Yahoo on Tuesday reported disappointing third-quarter financial results and said it would soon begin to use Google Inc to power some of its search results and advertising.
In a conference call and Web cast, Mayer told investors that Yahoo was “continuing to face revenue headwinds in our core business” and that it would soon unveil a plan to streamline and focus the company.
“We see a unique moment for Yahoo to narrow our strategy,” Mayer said.
Mayer said the plan is likely to include staff cuts and the shutdown or sale of some of the company’s operations.
The first area to take a hit was Yahoo’s video programming. The company, which has invested heavily in original Web content, such as the Community series, said it was taking a US$42 million write-off in the third quarter on the value of its video assets.
For the third quarter, Yahoo reported revenue of US$1.23 billion, compared with US$1.15 billion in the same quarter a year ago. Net income was US$76 million, or US$0.08 per share, compared with US$6.77 billion, or US$6.70 per share, the previous year, when the company booked big gains from the sale of some of its stake in Chinese e-commerce company Alibaba Group Holding Ltd (阿里巴巴集團).
Revenue and profits fell below Wall Street’s consensus estimates, sending Yahoo’s shares down 1.5 percent in after-hours trading.

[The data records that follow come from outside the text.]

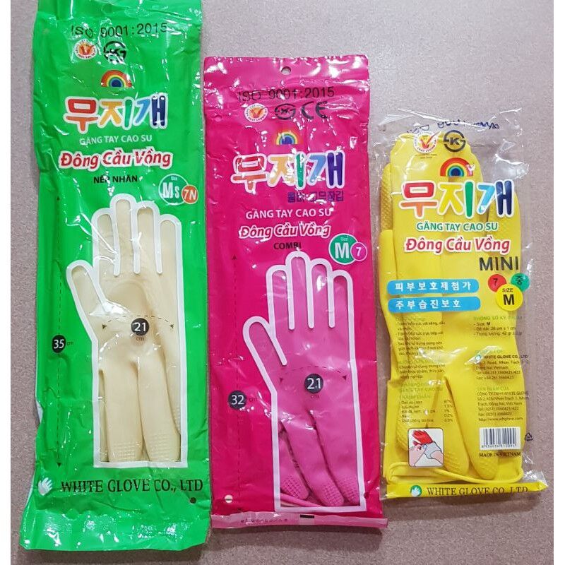 Găng tay cao su Đông Cầu Vồng được sử dụng để làm sạch trong nhà, chế biến thực phẩm và phổ biến khi dùng với các chất tẩy rửa chuyên nghiệp để dọn dẹp các cửa hàng, quán xá hoặc sử dụng ở những nơi công cộng khác. Găng tay cao su có khả năng chống mài mòn, cắt và xé tuyệt vời, sản phẩm có độ bám chắc chắn và khéo léo.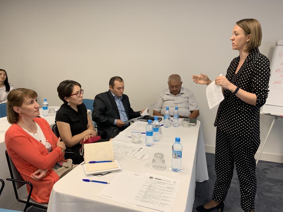 Trainer Yulia Dushkina clarifies the definition of the organic pollutant emissions at the OSCE-supported seminar, Almaty, 21 June 2019.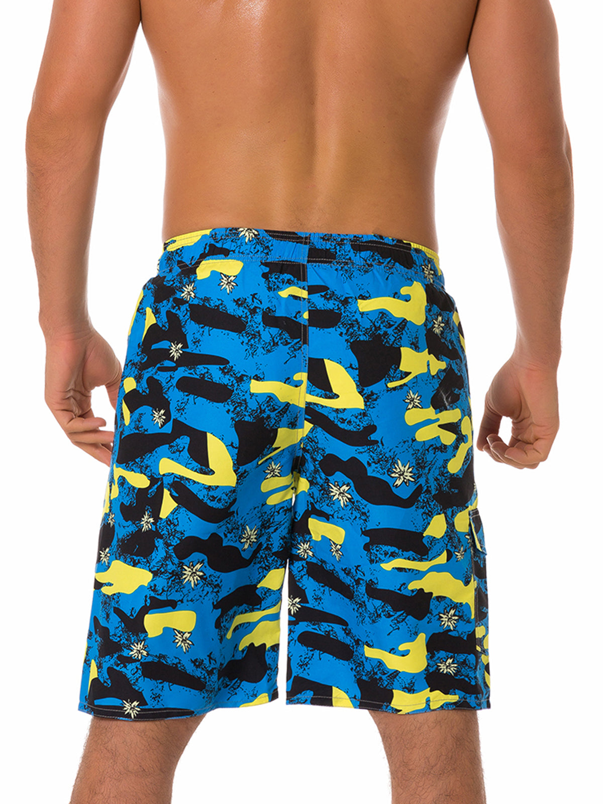 Men's Casual Blue Camo Print Summer Beach Shorts Swimming Trunks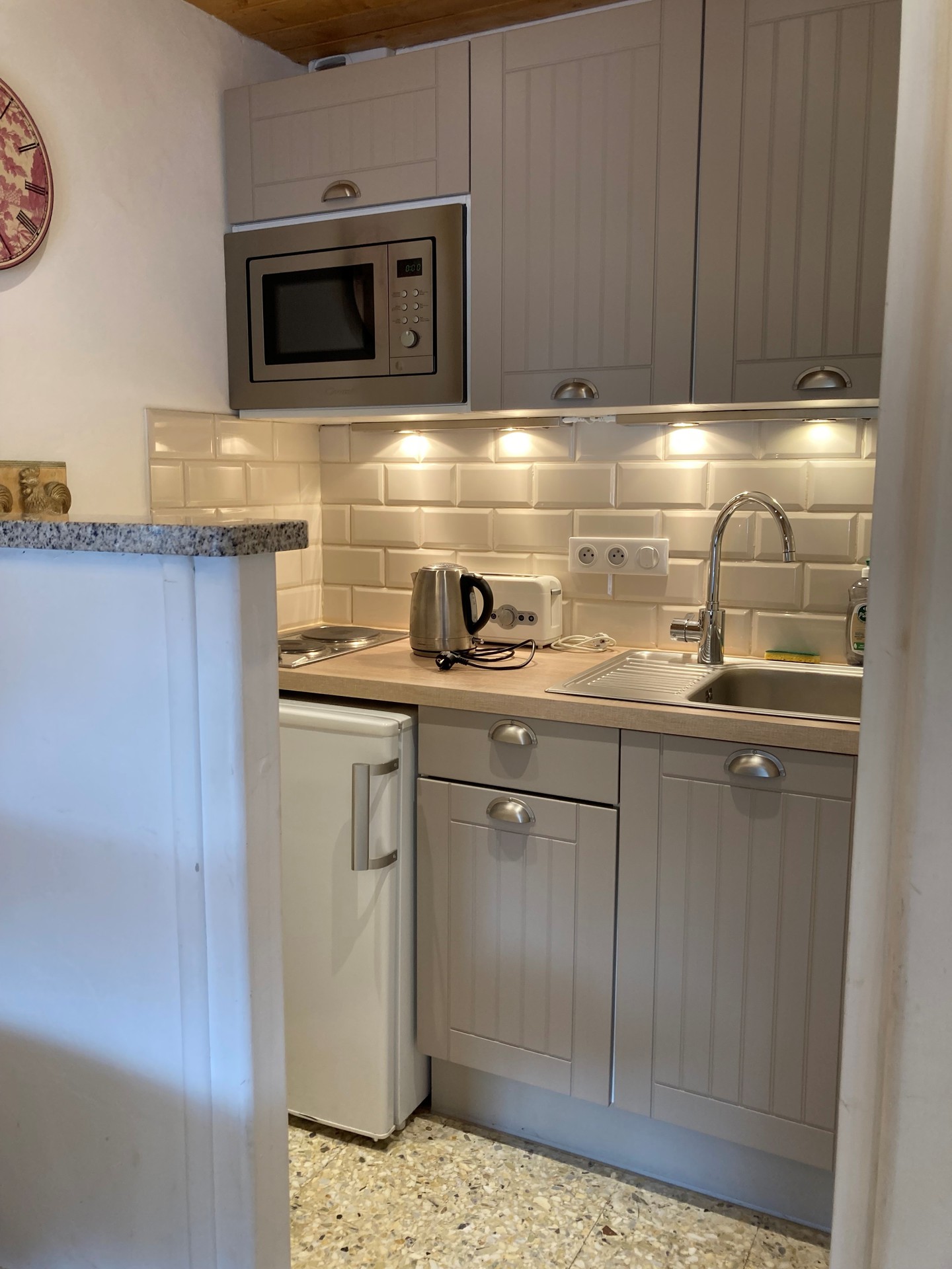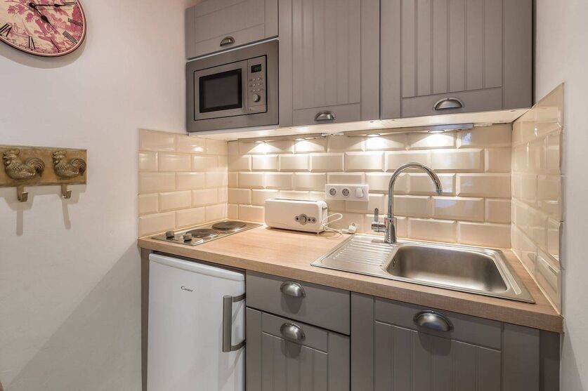 Studio of approximately 19 sq-m for 2 people + 1 children maximum on the 5th floor of a residence with elevator.Kitchen area equipped with electric hobs (2 burners), microwave grill, Italian coffee maker with plunger and electric filter coffee maker, toaster, kettle and refrigerator.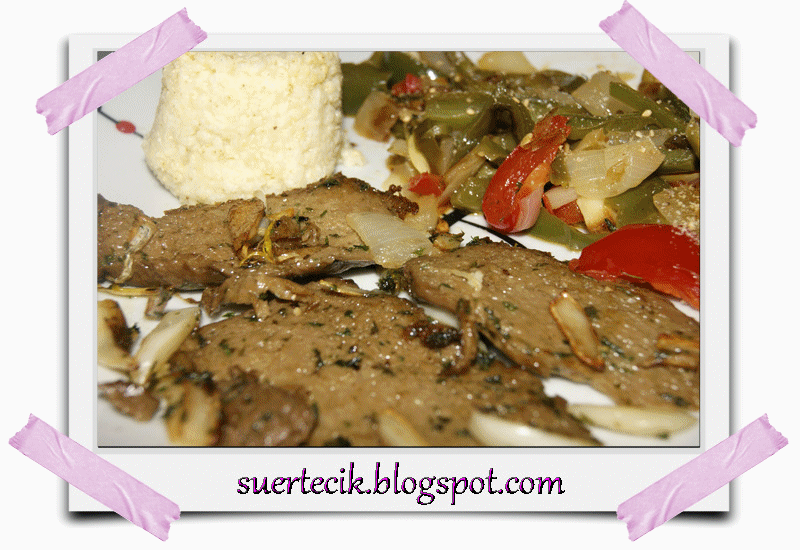 Con el aceite caliente en la sartén he refrito unas láminas de ajos y antes de que se terminaran de freir he echado los filetes de Seitán y perejil por encima, los he dejado hasta que han estado un poquito dorados.
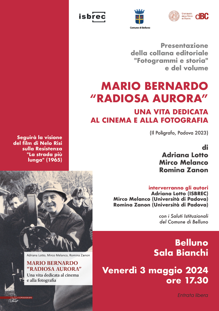 la sala “Bianchi”, ci sarà la presentazione del libro di Adriana Lotto, Mirco Melanco, Romina Zanon Mario Bernardo “Radiosa Aurora”. Una vita dedicata al cinema e alla fotografia (Il Poligrafo, 2023), seguita dalla proiezione del film La strada più lunga, di Nelo Risi (1965). Dopo i saluti istituzionali, interverranno gli autori del volume.

Yahoo plans to spin off its remaining 15 percent stake in Alibaba in the next few months, despite lingering concerns about whether the deal would incur taxes for shareholders. The value of the spin-off, which Yahoo said could be delayed until January, accounts for most of Yahoo’s current stock price.
Mayer, a former Google executive, said that Google and Yahoo had signed a Web and mobile search deal this week, in which Google would supply advertising and search results for some search queries made by Yahoo users.
Yahoo had previously relied on Microsoft Corp’s Bing and its own in-house mobile search technology to handle queries, but now it plans to use Google, too.
“We think having an agreement with both search providers really improves competition,” Mayer said.
However, given that Google dominates search results and advertising, the deal is to face antitrust scrutiny from the US Department of Justice. In 2008, Yahoo and Google abandoned a similar deal after opposition from regulators, pushing Yahoo toward Microsoft, which was then the No. 3 search engine.
Search Engine Land founding editor Danny Sullivan said that the marketplace has changed since the last Google-Yahoo deal was proposed and that the partnership could be more palatable to regulators now.
“Yahoo lost all the market share it could lose, gave up its search technology and became this outer fiefdom of Microsoft,” he said.
However, Sullivan said partnering with Google would not solve Yahoo’s longer-term problems in search.
“Whatever numbers you look at, Yahoo’s the third-place player,” he said.